Biotech IP Attorney Dr. David M. Saravitz Joins Williams Mullen

Williams Mullen is pleased to announce that David M. Saravitz, Ph.D., has joined Williams Mullen as a Partner in the Intellectual Property section. He will be working out of the Raleigh office.

Dr. Saravitz has extensive knowledge in the life sciences, including industry and university research, as well as more than 15 years of experience in intellectual property law. He focuses his practice on the particular IP challenges facing the biotechnology/life sciences industry, helping his clients protect their intellectual property assets to best grow their businesses. Dr. Saravitz advises on general patent counseling, strategic planning, opinions concerning patentability, freedom to operate and infringement, IP-related due diligence in business transactions, patent licensing, and patent application drafting and prosecution and is admitted to practice before the United States Patent and Trademark Office.
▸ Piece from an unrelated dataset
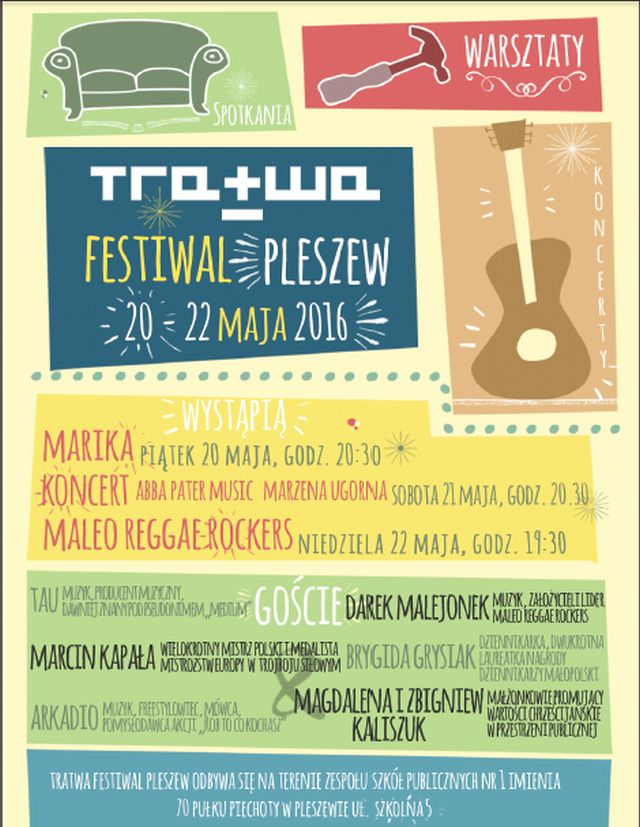 Wystąpią również Abba Pater Music & Marzena Ugorna, a na zakończenie - Maleo Reggae Rockers. Wstęp na koncerty jest wolny. Uczestnicy Festiwalu wezmą również udział w 14 ciekawych warsztatach z różnych dziedzin, m.in. nauki rysowania, treningu funkcjonalnego, warsztatach muzycznych, fotografii, tanecznych, teatralnych, kulinarnych czy warsztatach graffiti. Zapisy na zajęcia TUTAJ.

“The life sciences industry is significant and growing in the Triangle and throughout North Carolina, and a company’s ability to successfully protect and leverage its intellectual property is critical to that growth,” said David Paulson, North Carolina Managing Partner. “David has the ability to understand both the hyper-technical and practical business aspects of biotech IP. We are delighted to have him join our integrated team of corporate and IP lawyers, helping us continue to develop as a local, sophisticated one-stop shop for technology companies that want their IP and business lawyers under one roof.”
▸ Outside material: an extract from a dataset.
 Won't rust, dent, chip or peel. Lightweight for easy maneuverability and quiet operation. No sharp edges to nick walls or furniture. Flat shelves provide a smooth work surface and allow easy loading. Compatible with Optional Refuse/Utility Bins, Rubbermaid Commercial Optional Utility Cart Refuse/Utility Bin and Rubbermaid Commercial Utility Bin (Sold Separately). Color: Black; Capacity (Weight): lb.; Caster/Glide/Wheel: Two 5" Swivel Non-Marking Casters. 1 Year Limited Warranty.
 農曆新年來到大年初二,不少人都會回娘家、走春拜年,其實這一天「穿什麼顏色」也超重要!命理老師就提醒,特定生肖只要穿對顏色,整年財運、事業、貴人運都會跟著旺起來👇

In addition to earning a J.D. from the North Carolina Central University School of Law, Dr. Saravitz’s background includes a Ph.D. in cell and molecular biology from Duke University, an M.S. from North Carolina State University and a B.S., with distinction, from The Pennsylvania State University. At law school, he served as chairperson of the Intellectual Property Law Society. While studying at Duke, Dr. Saravitz was the recipient of both a National Institutes of Health Cell and Molecular Biology Training Grant and a Plant Molecular Biology Fellowship from the North Carolina Biotechnology Center.